Das Medium, das sich am ehesten für die sofortige – und damit erneute – Transkription der erfundenen Aktionen von Izumi eignet, ist das Video. Er setzt es wie einen Kugelschreiber ein, der alles, was er beobachtet, festhält und überträgt. Als sein vorrangiges Medium kommt es in all seinen Installationen und Ausstellungen vor, in denen das bewegte Bild eine wesentliche semantische Rolle übernimmt.

In der Ausstellung im Museum Tinguely sind Bildschirme omnipräsent. Sie rhythmisieren die Räume, sie erstrecken sich auf dem Boden, krallen sich an der Decke und den Wänden fest oder schweben über den Köpfen. Die bewegten Bilder auf ihren verschiedenen Gestellen und Halterungen verwirren das Publikum: Sie fesseln, faszinieren und sättigen, indem sie die Aufmerksamkeit unentwegt auf sich lenken. Wer sich auf die Videoarbeiten von Taro Izumi einlässt, denkt unweigerlich an den von Lärm und Bildern überbordenden, urbanen Raum der Stadt Tokio, den manche Installationen nachzuempfinden scheinen.

Taro Izumi, Tickled in a dream ... maybe? (Detail), 2017, Filmstill
Taro Izumi, Tickled in a dream … maybe? (Detail), 2017, Filmstill

Die grösste multimediale Installation, die im Museum Tinguely gezeigt wird, ist eine Serie von Skulpturen und Videos von 2017: Tickled in a dream … maybe? Sie beruht auf Fotos von Sportlern – vor allem von Fussballern –, die akrobatische Bewegungen vollziehen. Ausgehend von Bildern spektakulärer Aktionen, wie zum Beispiel Volleyschüssen, Grätschen, kühnen Pirouetten eines legendären Schusses oder des Sprungs eines berühmten Basketballspielers, entwarf Izumi Vorrichtungen, die eine Simulation dieser Bewegungen auch Untrainierten ermöglichen. Als Hybride aus Möbelstück und Prothese, Sockel und Skulptur nehmen diese gebastelt wirkenden architekturalen Strukturen eine variierende Gestalt an, die – sowohl in formaler als auch in konzeptueller Hinsicht – an die interaktiven augenzwinkernden Arbeiten von Jean Tinguely (1925–1991) erinnern. Der Künstler versucht hier, das nicht Fassbare zu fassen: Bewegung, Zeit und Schwerkraft. 

Ausstellung als Gesamtkunstwerk

Taro Izumis Ausstellungen haben im Lauf der Zeit eine zunehmend immersive Dimension angenommen. Das Medium «Ausstellung» erlaubt dem Künstler nicht nur, die Räume zu bespielen, sondern auch ein Narrativ zu entwickeln.

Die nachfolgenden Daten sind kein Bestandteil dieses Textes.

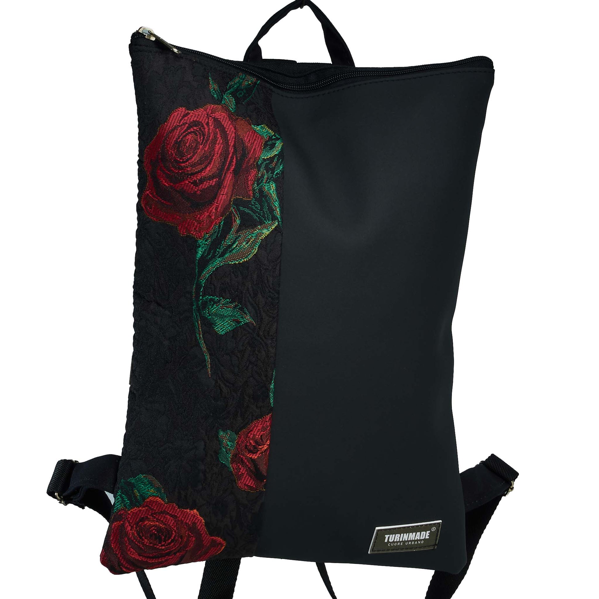 - La parte esterna in ecopelle +tessuto fantasia jacquard rosa con sfondo nero

In den letzten Jahren hat er seine Arbeiten spezifisch auf die Orte, an denen diese gezeigt wurden, zugeschnitten. Die Ausstellung selbst ist für ihn ein Kunstwerk. Mithilfe der digitalen Technologie und durch den wiederholten Einsatz von Video, Streaming und Überblendung von Bildern, schuf er aus seinen Arbeiten ein komplexes, interaktives Netz. 

Für seine grosse Einzelausstellung im Museum Tinguely entwarf Taro Izumi jede einzelne Etappe wie einen lebendigen Organismus innerhalb der Ausstellung, die atmet, vibriert, sich bewegt, spricht, singt und leuchtet. Auf den Bildschirmen flackern kontinuierlich Lichter und es ertönen Geräusche; ein Theater ohne Zuschauer erwartet Besucher und Besucherinnen. Izumi erzählt uns von der Abwesenheit, der Leere und virtueller Präsenz, von Orten, die unzugänglich geworden sind. Dabei reflektiert er neue Arten des Verhaltens, die mit dem Aufkommen von Covid-19 entstanden sind. 

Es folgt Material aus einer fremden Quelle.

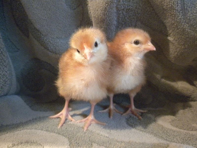 Top pic were my 2 RIR at a few days old and then the 2nd pic one is right at the tip of my fingers. Top pic they look pretty light but the 2nd pic shows her back and it looks like yours. I had a pic looking identical to the pic of yours you posted but I must have deleted it; I can't find it.
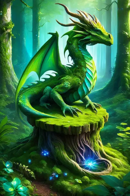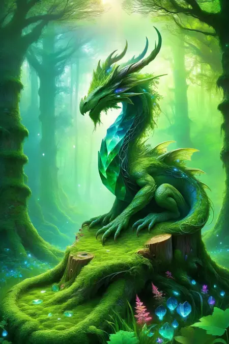 swirling dragon, crystalline dragon, mystic dragon, mythical dragon, forest guardian

Mit Leichtigkeit und Ironie gelingt es Taro Izumi, vermeintlich antagonistische Universen miteinander zu vernetzen. Er bewegt sich zwischen den Welten, wechselt vom Organischen zum Technologischen, vom Technologischen zum Organischen, wobei er alles, was zwischen den beiden Bereichen angesiedelt ist, mit einbezieht. Auch wenn sie sich jeglicher Zuordnung widersetzt, erinnert seine Ästhetik an die Idee der «totalen Kunst».